# Submerged species of the genus of Alternanthera



## biker (Sep 6, 2004)

This one now called A.reineckii forma Lilacina in Japan, is actually A. reineckii "Roseafolia" as an European market name of it. Some Japanese literatures use" A.sessilis var. Lilacina "for it.


----------



## biker (Sep 6, 2004)

This plant imported earlier than the former one, called A.reineckii , is an important red plant for background.


----------



## biker (Sep 6, 2004)

Only a few aquarists in Taiwan will notice this small species called A.ocipus , yet it can successfully grow submergedly in our aquariums with sufficient Co2 supply.


----------



## cS (Jan 27, 2004)

Of the Alternanthera genus, I have only had the pleasure of growing A. ocipus. Biker, under what sort of conditions is this particular species being kept at? The leaves are so lanceolated (sp?)! :shock: The leaves on mine, growing under high light, are about half your leaf size (~1") and are MUCH rounder. Not only that, the leaves are about twice as succulent as yours. My specimen came from Oriental Aquarium in Singapore.

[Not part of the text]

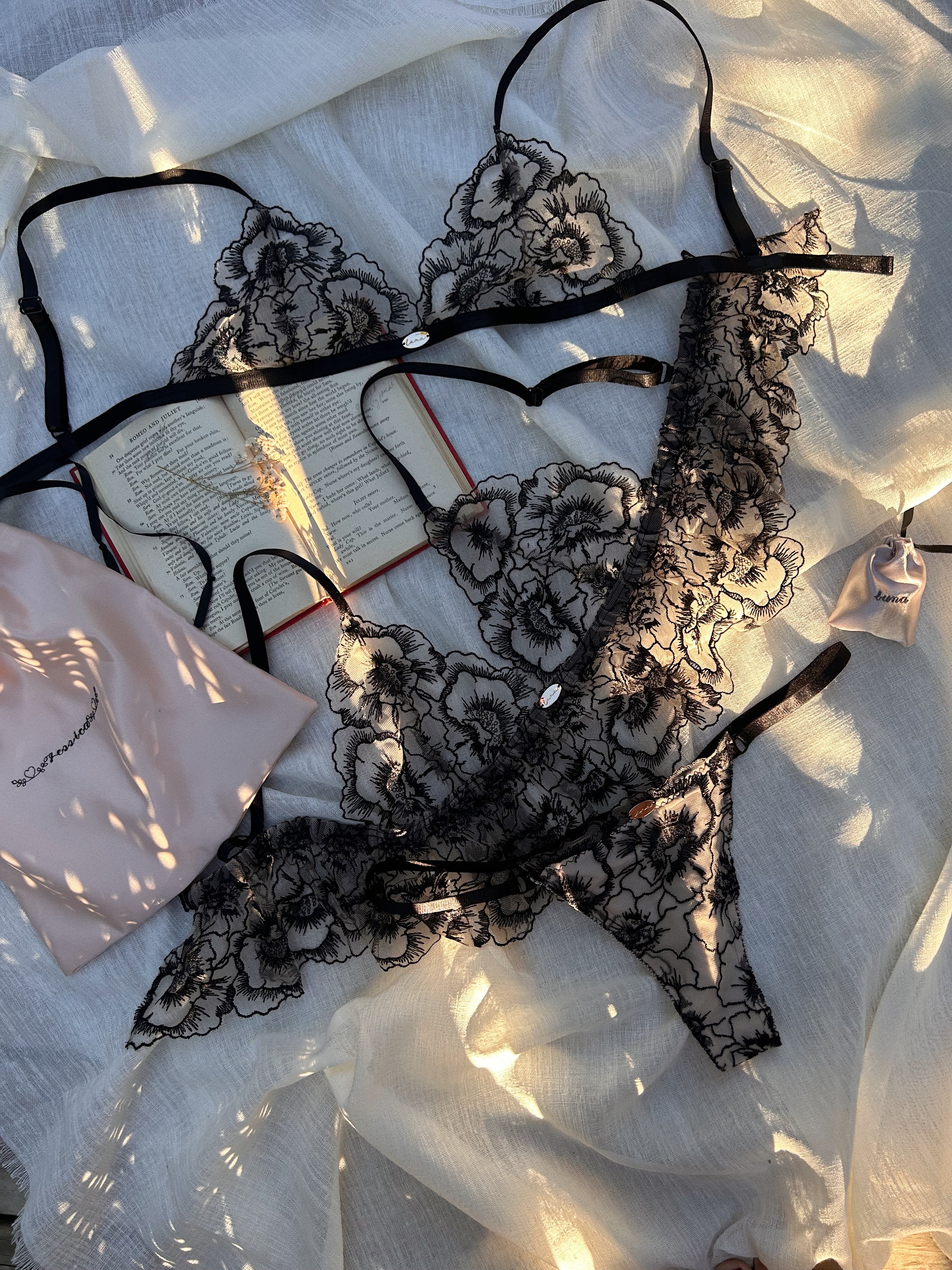 Our products are responsibly made by hand in our ethical studio in Cape Town. They have no price tags on them and come in a pretty box which is wrapped in our luxurious, locally sourced tissue paper. Each box also contains a hand embroidered delicately fragranced Luna sachet and a unique polaroid, making the opening of the box even more enticing!

I wonder if mine is stunted...because yours is looking obviously healthy. :?


----------



## biker (Sep 6, 2004)

The species of Alternanthera are not plants strictly requiring very soft water according to my past experience, maybe a lot of aquarists will say that the water of medium KH(5 to 8) is ideal for them, yet some of them can grow very well in the soft water of 1
KH or lower, and that is the case I post here, which is contrary to what I read from some Japanese literatures. Therefore, I think the answer could be very complicated, furtheremore factors should be considered.
To make it more reddish, I use 5 fluorescence lamps of 40W to supply the light for my tank(120x50x67), and an overfertilizing DIY Co2 system to accelerate its growth. Meanwhile, one thing very important for the species of Alternanthera is that they usually stop growing when the temp is higher than 30, therefore a cooler is necessary to keep them especially in summer.


----------